■ **PROVIDED RECORDS**:

--- START ---

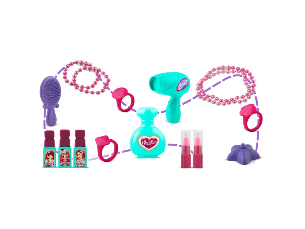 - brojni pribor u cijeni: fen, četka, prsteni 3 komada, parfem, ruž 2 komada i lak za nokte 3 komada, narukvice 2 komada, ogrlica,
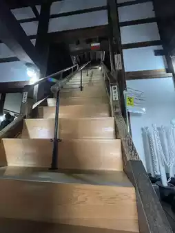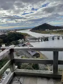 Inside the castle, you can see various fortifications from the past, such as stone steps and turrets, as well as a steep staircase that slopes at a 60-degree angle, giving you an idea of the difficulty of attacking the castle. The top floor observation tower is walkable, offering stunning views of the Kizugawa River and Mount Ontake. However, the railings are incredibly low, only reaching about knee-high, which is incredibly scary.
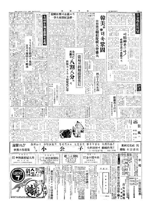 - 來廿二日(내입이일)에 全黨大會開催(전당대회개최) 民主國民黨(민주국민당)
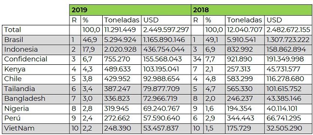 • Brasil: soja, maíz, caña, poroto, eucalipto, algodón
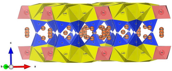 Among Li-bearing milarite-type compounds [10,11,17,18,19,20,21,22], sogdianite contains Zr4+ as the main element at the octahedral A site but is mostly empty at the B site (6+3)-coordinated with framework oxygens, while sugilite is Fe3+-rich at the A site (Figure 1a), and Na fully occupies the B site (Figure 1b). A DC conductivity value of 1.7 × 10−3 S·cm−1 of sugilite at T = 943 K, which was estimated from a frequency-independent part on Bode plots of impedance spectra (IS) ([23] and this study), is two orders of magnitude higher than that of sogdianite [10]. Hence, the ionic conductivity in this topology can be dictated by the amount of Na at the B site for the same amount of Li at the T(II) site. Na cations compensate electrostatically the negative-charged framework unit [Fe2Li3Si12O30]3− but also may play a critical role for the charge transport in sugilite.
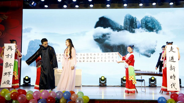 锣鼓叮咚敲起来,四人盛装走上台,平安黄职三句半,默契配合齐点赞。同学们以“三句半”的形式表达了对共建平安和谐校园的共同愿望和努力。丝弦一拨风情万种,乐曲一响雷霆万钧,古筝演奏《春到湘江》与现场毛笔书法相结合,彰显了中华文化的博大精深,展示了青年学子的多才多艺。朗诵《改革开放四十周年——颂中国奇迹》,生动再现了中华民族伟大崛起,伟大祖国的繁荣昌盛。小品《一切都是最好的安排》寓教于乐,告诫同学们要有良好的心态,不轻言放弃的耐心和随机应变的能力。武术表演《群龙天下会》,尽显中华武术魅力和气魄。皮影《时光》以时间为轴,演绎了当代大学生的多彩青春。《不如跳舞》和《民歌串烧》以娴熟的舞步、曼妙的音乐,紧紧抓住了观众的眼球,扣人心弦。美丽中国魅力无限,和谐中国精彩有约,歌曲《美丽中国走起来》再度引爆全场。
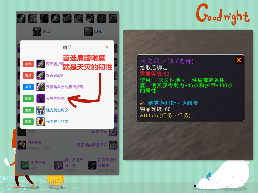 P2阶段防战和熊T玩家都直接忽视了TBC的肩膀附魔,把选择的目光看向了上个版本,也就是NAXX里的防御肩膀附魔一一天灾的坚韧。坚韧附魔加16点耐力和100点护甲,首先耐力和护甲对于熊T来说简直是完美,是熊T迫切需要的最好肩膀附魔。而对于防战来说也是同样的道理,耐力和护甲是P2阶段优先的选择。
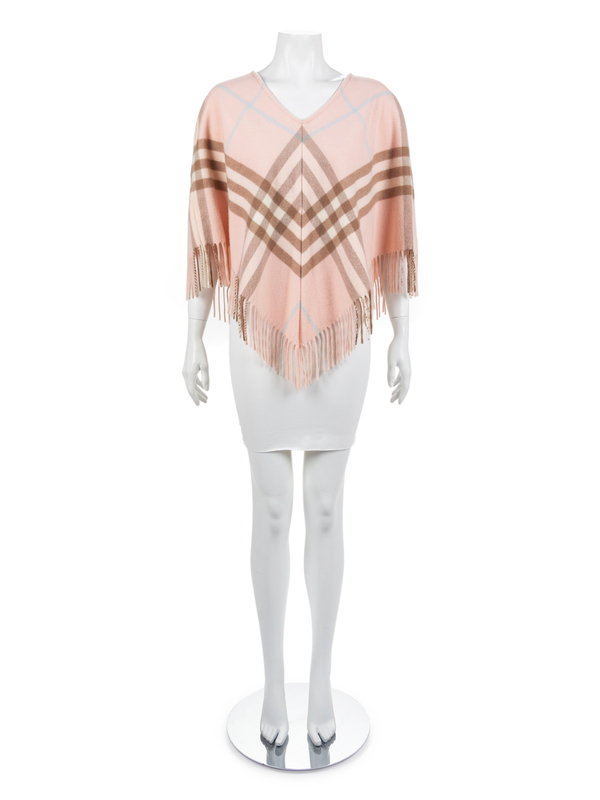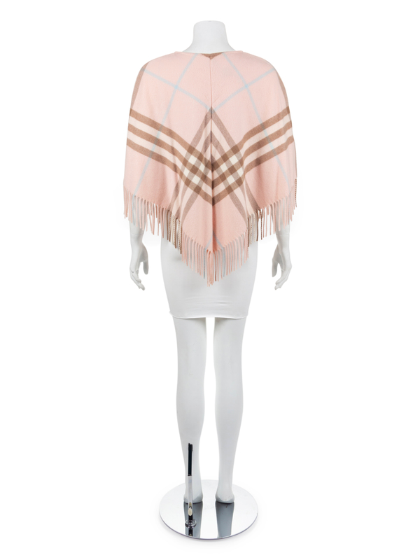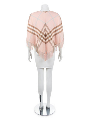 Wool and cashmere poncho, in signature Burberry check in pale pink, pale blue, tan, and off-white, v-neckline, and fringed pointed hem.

--- END ---

■ **TASK DESCRIPTION**: Give back, exactly as written, the lines from the top of the material above to the line containing "Inside the castle, you", both included; skip every picture.

■ **WRITTEN ANSWER**:
 - brojni pribor u cijeni: fen, četka, prsteni 3 komada, parfem, ruž 2 komada i lak za nokte 3 komada, narukvice 2 komada, ogrlica,
 Inside the castle, you can see various fortifications from the past, such as stone steps and turrets, as well as a steep staircase that slopes at a 60-degree angle, giving you an idea of the difficulty of attacking the castle. The top floor observation tower is walkable, offering stunning views of the Kizugawa River and Mount Ontake. However, the railings are incredibly low, only reaching about knee-high, which is incredibly scary.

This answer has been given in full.